No Greatest Love

I got back from Christchurch just three days ago. I went there with the Society of Saint Vincent of Paul, a catholic organization which is very active in helping people on the margins of the society. I have been one of their volunteers for a while here in Hamilton, I know their standard of service and care and when I was asked whether I would like to join them in the mission to Christchurch I didn’t hesitate to answer yes. We stayed in Christchurch for a week and we spent every day preparing and delivering food to the people in the poorest neighbourhoods but also listening to their stories, concerns and fears. The aftershocks that keep shaking the city are a constant reminder of the double tragedy that hit Christchurch in September and February.
Many houses have been evacuated by people in search of a safer place to stay for a while o for good. We came across many dogs and cats roaming the streets seeking food and shelter.

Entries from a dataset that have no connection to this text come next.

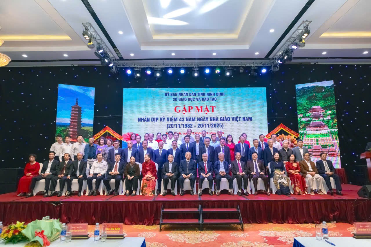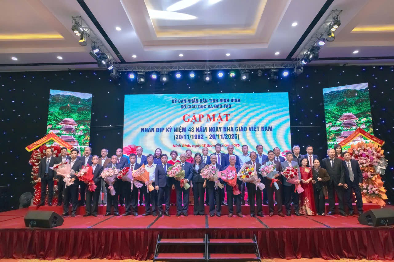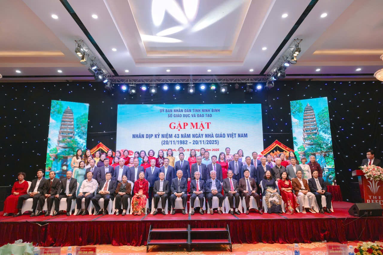 Sáng ngày 15/11/2025, trong không khí phấn khởi của cả nước hướng về ngày Nhà giáo Việt Nam, Sở Giáo dục và Đào tạo (GDĐT) tỉnh Ninh Bình đã long trọng tổ chức buổi Gặp mặt nhân dịp kỷ niệm 43 năm Ngày Nhà giáo Việt Nam (20/11/1982 – 20/11/2025). Buổi gặp mặt mang ý nghĩa đặc biệt khi là sự kiện tri ân đầu tiên được tổ chức sau khi địa giới hành chính ba tỉnh Ninh Bình, Nam Định và Hà Nam chính thức sáp nhập từ ngày 01/7/2025. Đây là dịp để các thế hệ cán bộ, công chức Sở GDĐT từ ba tỉnh hội tụ trong một mái nhà chung, cùng ôn lại truyền thống và tiếp nối chặng đường phát triển mới.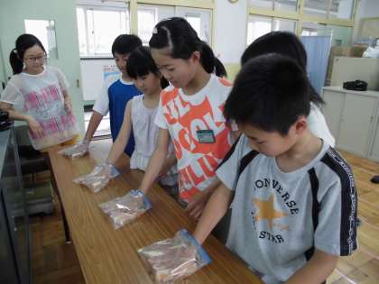 6月3日の保健委員会では,食パンを使って手のよごれを調べる実験をしました。
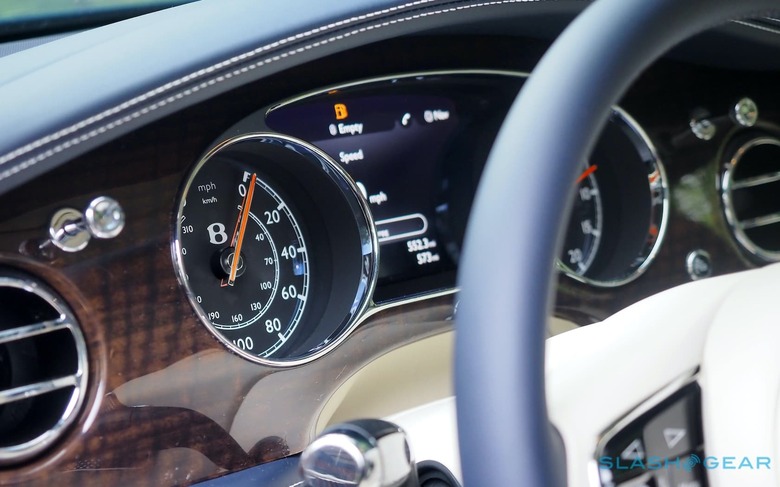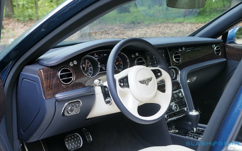The eight speed gearbox slushes through its ratios with the subtlety of a royal butler. Demand pace from the Mulsanne, and there's the slightest pause first, the sense that it's pulling up its sleeves before proceeding to hurtle forward with little consideration of what common-sense says something this large should or shouldn't be able to do.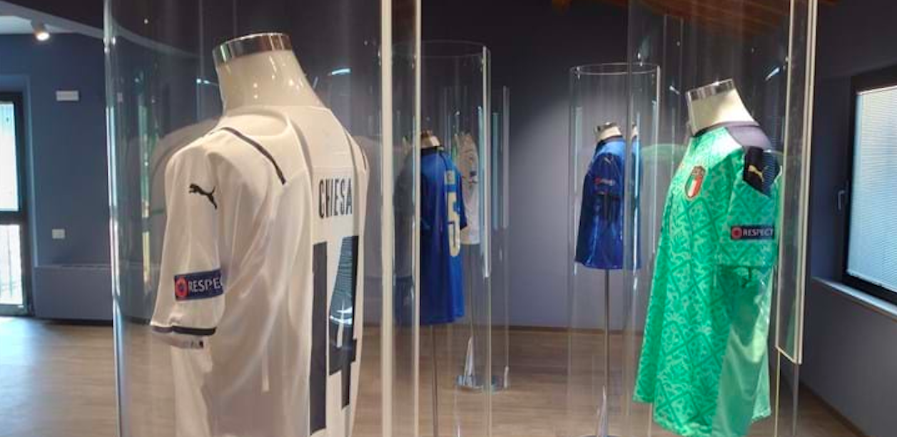 GLIEROIDELCALCIO.COM – Dopo la vittoria della Nazionale nella serata di ieri, il Museo del Calcio di Coverciano rende omaggio ai ragazzi di Mancini, con una nuovissima sezione dedicata ai cimeli azzurri della spedizione europea appena conclusa. Tante le maglie da poter ammirare, da quella del portierone Donnarumma a quella dell’esplosivo Chiesa. All’entrata del museo, per rimanere in tema, anche la copia della Coppa del 1968.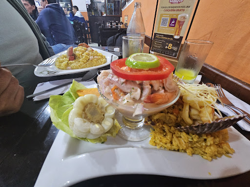 Read moreRestaurante conocido en la zona. Los platos exageradamente abundantes para una persona de peso normal; eso sí, los excesos de algunos platos con ingredientes baratos como arroz en lugar de marisco. El arroz con marisco "Virrey" lo ponen con manitas de cangrejo, pero tan pequeño, que es casi imposible sacar algo de el y sin "tenacillas" para partirlo; así que podrían romperse alguna pieza dental. El Ceviche "Matrimonio", Ceviche de pescado indefinido y dos super causas, además de muy abundante, mi invitado lugareño dijo estar rico. No fui capaz de terminar el plato...

We literally had to go from door to door seeking out anyone who wanted our help. I remember the shocked faces of the children we met and the people who still sleep in their clothes, and jump when the van door closes.
I think we all were deeply disturbed by all of this and our main concern was how to bring relief and hope to them all. We wanted them to feel hugged by the whole country. We meant to be a sign of God’s love in the midst of that devastation.
When they have to deal with a situation like this, all the believers are confronted and challenged in their faith by the question: where was God in all of this? Or, why does God allow so much suffering and pain? Questions of this kind have been haunting christian believers since the very beginning of the Church. Although I don’t believe we can have a definitive answer to these deep theological issues, maybe a look at the paschal mysteries that we have just celebrated may help us to shed some light on our human condition. God has created the world out of love and freedom. Creation, however, was just the beginning. The universe and the planet we live in are in constant change. In a sense, we might say that creation is still happening right now. The same dynamic forces that govern our planet and allow the life to flourish have also a destructive aspect which we experience from time to time.

However, God is not indifferent to our suffering and the message of Easter is affirming just that: God in Christ has won the power of death. At the very heart of the Christian faith lies the belief that God through Jesus Christ has taken on to God self all the trials and hardships of humankind and has returned a new creation and life through the resurrection. This is probably the greatest mystery of all, the strangest paradox: Christ, the archetypical representative of our humanity has shown us that love can conquer death; he embraced his fate which involved radical injustice and suffering which were overcome by God by raising him from death. The same love the Jesus showed throughout his life and ministry finds here its deepest fulfillment through forgiveness, love for the enemy, compassion for all the creatures and the gift of his own life for us all. We are now in a new day after Easter, we are the community he has established but we can be his disciples only if we are able to love God and one another the way he loved us.